▶ Input data

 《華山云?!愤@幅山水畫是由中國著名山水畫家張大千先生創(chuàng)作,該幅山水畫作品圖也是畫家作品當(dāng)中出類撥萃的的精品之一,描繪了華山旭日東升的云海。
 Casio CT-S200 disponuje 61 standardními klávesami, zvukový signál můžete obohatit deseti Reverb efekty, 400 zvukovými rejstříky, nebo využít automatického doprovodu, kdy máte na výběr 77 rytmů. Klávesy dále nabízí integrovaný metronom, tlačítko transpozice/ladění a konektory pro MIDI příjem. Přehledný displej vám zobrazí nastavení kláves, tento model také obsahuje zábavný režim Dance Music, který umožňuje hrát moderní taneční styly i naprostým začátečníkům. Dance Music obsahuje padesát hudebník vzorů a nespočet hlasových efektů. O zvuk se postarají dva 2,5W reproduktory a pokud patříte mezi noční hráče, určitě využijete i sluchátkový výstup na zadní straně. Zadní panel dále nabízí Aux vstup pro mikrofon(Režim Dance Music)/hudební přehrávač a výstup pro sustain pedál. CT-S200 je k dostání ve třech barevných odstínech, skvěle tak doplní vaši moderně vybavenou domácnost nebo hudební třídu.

...

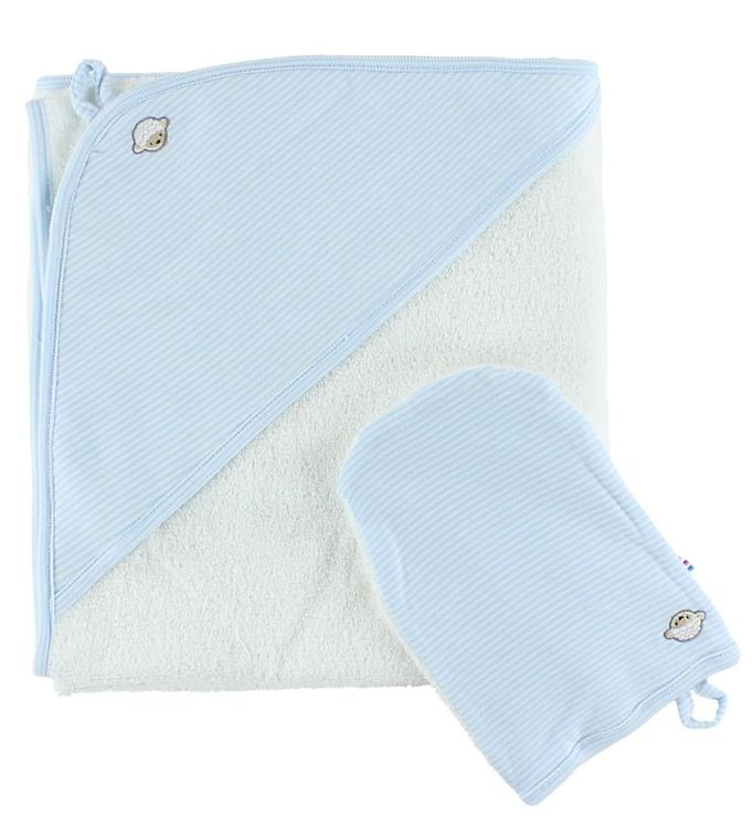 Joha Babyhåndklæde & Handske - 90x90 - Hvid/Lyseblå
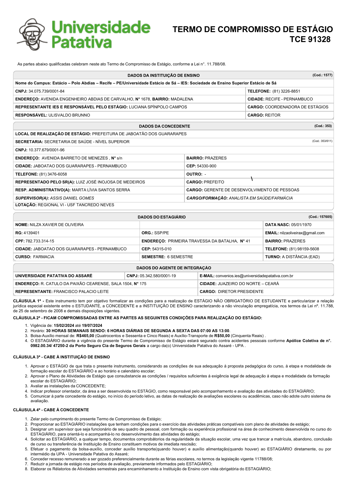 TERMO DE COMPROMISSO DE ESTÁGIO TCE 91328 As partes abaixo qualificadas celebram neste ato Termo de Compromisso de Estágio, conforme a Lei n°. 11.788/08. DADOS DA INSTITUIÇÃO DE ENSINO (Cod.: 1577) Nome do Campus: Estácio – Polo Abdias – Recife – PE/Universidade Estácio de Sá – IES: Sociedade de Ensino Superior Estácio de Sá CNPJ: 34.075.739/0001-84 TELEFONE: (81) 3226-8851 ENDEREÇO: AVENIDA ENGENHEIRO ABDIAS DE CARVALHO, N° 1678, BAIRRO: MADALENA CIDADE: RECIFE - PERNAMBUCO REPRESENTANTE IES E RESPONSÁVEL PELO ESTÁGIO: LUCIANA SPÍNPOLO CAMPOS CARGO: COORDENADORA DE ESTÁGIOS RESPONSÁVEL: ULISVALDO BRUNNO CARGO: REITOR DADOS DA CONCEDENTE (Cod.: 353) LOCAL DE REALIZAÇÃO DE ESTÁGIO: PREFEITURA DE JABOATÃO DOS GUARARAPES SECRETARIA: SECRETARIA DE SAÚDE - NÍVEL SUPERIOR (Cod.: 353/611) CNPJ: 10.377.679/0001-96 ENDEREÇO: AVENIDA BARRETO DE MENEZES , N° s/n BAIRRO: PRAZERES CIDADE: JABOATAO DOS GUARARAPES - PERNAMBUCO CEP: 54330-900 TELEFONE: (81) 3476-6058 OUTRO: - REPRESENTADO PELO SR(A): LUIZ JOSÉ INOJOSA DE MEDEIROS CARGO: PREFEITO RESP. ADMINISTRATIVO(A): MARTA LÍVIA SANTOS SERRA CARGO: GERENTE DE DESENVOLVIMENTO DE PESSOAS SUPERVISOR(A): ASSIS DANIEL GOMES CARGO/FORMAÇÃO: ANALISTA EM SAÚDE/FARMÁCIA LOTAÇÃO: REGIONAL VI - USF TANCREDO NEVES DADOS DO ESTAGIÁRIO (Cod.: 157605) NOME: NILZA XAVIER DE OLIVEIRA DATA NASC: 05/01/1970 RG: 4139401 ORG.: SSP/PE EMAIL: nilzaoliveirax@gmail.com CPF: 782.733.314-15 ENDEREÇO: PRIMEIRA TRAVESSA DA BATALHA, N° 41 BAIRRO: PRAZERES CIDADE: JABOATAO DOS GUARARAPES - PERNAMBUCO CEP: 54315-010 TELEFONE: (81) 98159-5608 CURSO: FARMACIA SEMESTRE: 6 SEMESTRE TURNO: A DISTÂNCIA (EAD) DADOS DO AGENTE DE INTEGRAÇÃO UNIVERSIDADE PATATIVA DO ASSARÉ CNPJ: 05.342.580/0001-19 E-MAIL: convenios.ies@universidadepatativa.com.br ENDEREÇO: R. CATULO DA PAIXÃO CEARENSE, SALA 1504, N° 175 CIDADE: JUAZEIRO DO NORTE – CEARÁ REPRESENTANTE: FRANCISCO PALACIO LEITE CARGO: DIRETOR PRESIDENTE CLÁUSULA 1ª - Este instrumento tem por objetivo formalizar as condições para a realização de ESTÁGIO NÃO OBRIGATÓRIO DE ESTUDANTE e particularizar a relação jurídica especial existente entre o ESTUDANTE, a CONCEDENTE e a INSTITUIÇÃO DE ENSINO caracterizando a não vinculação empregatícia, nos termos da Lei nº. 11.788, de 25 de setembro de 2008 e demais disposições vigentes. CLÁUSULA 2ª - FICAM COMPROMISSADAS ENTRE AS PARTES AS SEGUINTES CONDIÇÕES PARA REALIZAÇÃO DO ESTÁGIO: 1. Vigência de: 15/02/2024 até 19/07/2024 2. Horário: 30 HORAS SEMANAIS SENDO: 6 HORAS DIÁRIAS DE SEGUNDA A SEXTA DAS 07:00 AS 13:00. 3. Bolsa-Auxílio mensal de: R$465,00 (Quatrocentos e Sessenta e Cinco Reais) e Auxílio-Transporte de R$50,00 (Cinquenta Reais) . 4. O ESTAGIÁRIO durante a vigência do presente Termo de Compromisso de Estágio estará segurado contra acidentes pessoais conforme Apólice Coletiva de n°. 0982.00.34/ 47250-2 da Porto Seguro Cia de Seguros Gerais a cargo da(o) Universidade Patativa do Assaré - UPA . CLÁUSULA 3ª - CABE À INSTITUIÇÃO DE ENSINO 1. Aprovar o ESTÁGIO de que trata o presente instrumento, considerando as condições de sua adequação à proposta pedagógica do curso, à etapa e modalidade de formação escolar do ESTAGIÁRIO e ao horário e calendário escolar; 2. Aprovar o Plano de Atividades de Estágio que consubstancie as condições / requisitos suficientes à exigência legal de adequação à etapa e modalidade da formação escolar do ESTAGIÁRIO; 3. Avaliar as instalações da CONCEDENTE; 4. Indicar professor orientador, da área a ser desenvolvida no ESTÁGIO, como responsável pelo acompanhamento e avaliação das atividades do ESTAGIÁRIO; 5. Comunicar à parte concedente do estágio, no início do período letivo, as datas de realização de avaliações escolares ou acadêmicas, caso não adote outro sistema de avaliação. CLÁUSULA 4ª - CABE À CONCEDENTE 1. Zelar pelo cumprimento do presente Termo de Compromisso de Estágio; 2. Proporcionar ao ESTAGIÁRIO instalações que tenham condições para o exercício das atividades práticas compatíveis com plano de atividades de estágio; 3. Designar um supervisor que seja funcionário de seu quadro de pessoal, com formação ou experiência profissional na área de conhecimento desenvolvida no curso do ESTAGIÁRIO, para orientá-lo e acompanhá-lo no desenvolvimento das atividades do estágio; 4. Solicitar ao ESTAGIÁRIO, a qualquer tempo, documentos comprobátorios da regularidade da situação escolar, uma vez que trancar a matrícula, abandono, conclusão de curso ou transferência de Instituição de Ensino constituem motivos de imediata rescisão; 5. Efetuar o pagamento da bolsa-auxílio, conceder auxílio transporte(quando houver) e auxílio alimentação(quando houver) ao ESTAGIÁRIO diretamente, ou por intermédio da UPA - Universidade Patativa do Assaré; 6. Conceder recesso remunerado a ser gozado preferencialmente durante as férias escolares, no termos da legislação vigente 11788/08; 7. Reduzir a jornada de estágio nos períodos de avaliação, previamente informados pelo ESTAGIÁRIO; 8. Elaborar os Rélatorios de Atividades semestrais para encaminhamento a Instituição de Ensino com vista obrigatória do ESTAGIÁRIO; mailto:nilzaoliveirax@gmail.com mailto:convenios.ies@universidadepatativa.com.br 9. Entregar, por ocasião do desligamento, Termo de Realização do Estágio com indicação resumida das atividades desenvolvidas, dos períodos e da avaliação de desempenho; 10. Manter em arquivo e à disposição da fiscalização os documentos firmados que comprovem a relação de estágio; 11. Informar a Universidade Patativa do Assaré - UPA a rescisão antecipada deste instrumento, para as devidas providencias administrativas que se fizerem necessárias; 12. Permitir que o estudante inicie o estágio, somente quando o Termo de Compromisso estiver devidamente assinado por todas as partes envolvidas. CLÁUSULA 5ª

* * *

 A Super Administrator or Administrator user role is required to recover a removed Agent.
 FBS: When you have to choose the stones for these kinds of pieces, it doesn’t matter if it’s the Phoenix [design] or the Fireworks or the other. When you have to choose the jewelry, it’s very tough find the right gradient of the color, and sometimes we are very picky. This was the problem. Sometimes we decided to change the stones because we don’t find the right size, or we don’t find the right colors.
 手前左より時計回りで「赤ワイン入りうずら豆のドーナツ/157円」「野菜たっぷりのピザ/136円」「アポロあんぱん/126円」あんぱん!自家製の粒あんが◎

▶ Exercise requirements
Return only the part of the records above that opens with the line containing "FBS: When you" and closes with the line containing "手前左より時計回りで「赤ワイ", ends included.

▶ Your response
 FBS: When you have to choose the stones for these kinds of pieces, it doesn’t matter if it’s the Phoenix [design] or the Fireworks or the other. When you have to choose the jewelry, it’s very tough find the right gradient of the color, and sometimes we are very picky. This was the problem. Sometimes we decided to change the stones because we don’t find the right size, or we don’t find the right colors.
 手前左より時計回りで「赤ワイン入りうずら豆のドーナツ/157円」「野菜たっぷりのピザ/136円」「アポロあんぱん/126円」あんぱん!自家製の粒あんが◎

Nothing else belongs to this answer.